→ **TASK ITEM**: Below is a listing; retype exactly the lines between the one containing "-. Feature : SOLAREZ" and the one containing "リュクスな印象を与えるfrilled botanical V-neck blouse。", inclusive, minus the pictures.

→ **THE RECORDS**:
######
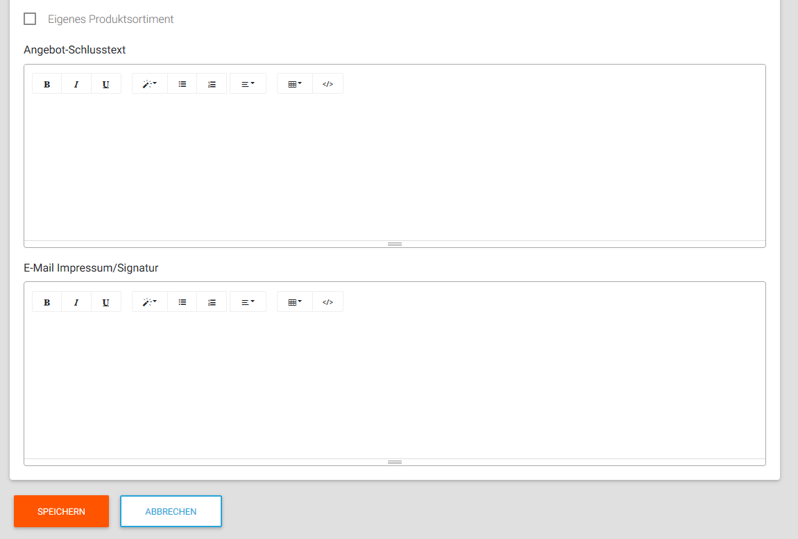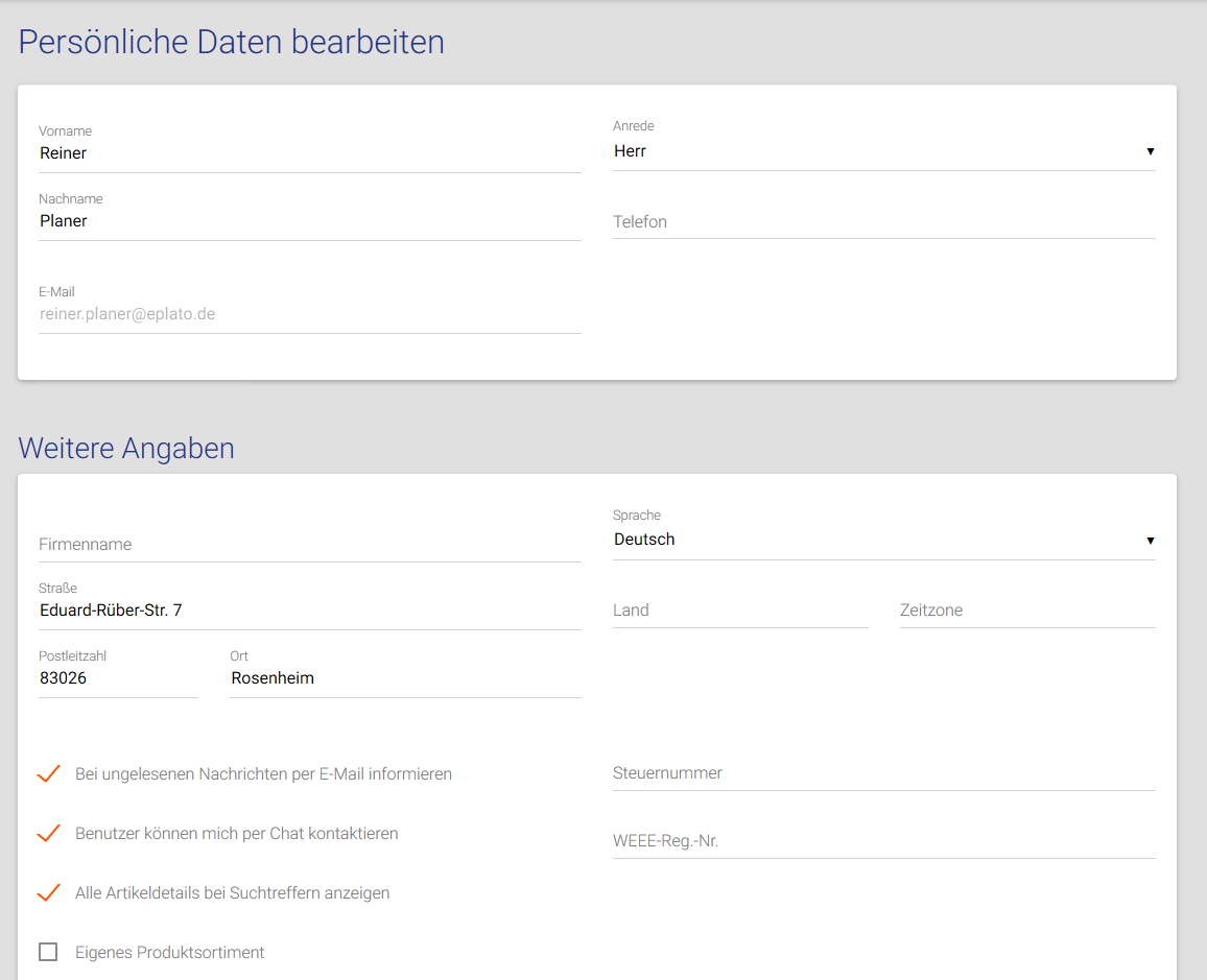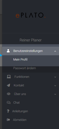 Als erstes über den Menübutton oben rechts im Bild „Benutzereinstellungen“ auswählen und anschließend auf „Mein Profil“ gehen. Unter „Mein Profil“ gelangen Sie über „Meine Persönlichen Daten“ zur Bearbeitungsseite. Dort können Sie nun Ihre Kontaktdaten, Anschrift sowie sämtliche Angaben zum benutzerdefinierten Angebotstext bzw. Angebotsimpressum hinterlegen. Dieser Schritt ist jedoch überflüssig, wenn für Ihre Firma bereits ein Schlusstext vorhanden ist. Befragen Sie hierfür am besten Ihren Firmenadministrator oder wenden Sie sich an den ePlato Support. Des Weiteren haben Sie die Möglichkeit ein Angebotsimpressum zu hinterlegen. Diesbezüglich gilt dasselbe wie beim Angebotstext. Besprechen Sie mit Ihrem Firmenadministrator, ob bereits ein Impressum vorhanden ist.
######
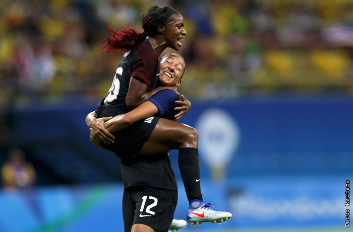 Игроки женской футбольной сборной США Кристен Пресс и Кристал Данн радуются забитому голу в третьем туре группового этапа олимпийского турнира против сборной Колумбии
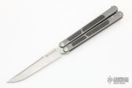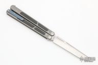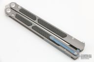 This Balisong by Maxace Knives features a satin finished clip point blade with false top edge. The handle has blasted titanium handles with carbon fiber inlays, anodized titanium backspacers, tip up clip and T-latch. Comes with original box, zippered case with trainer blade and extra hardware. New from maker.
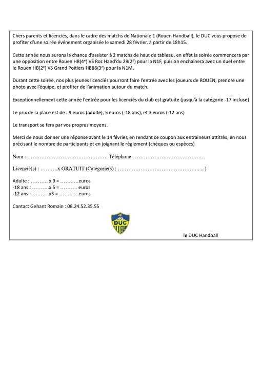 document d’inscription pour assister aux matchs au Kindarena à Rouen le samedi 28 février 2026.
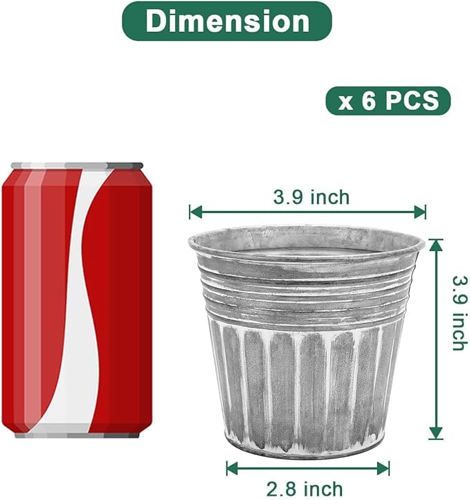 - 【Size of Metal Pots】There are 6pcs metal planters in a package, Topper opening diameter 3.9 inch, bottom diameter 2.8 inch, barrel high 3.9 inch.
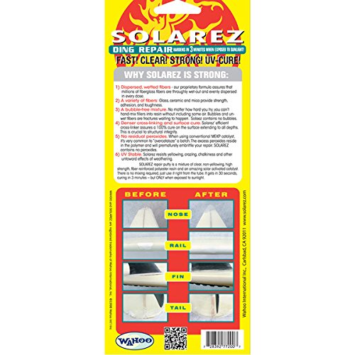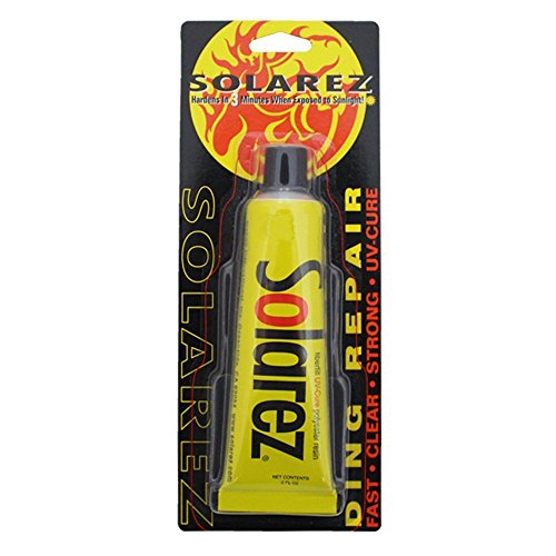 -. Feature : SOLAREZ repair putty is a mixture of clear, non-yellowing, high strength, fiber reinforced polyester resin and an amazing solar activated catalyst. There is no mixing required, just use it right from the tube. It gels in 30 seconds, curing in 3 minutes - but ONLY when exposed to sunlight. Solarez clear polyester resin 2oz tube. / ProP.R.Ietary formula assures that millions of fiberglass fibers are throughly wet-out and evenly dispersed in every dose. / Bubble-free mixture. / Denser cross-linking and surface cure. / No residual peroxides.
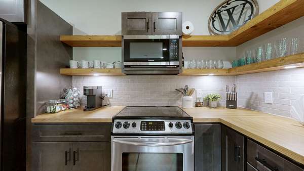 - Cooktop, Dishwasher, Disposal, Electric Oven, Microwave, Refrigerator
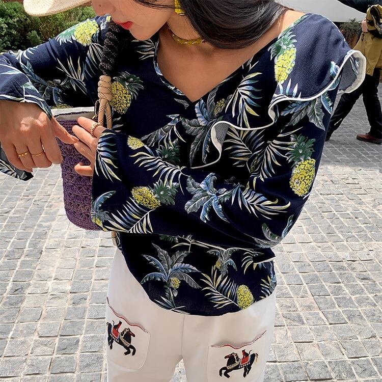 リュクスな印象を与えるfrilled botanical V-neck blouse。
######
→ **RESULT FOR THIS TASK**:
 -. Feature : SOLAREZ repair putty is a mixture of clear, non-yellowing, high strength, fiber reinforced polyester resin and an amazing solar activated catalyst. There is no mixing required, just use it right from the tube. It gels in 30 seconds, curing in 3 minutes - but ONLY when exposed to sunlight. Solarez clear polyester resin 2oz tube. / ProP.R.Ietary formula assures that millions of fiberglass fibers are throughly wet-out and evenly dispersed in every dose. / Bubble-free mixture. / Denser cross-linking and surface cure. / No residual peroxides.
 - Cooktop, Dishwasher, Disposal, Electric Oven, Microwave, Refrigerator
 リュクスな印象を与えるfrilled botanical V-neck blouse。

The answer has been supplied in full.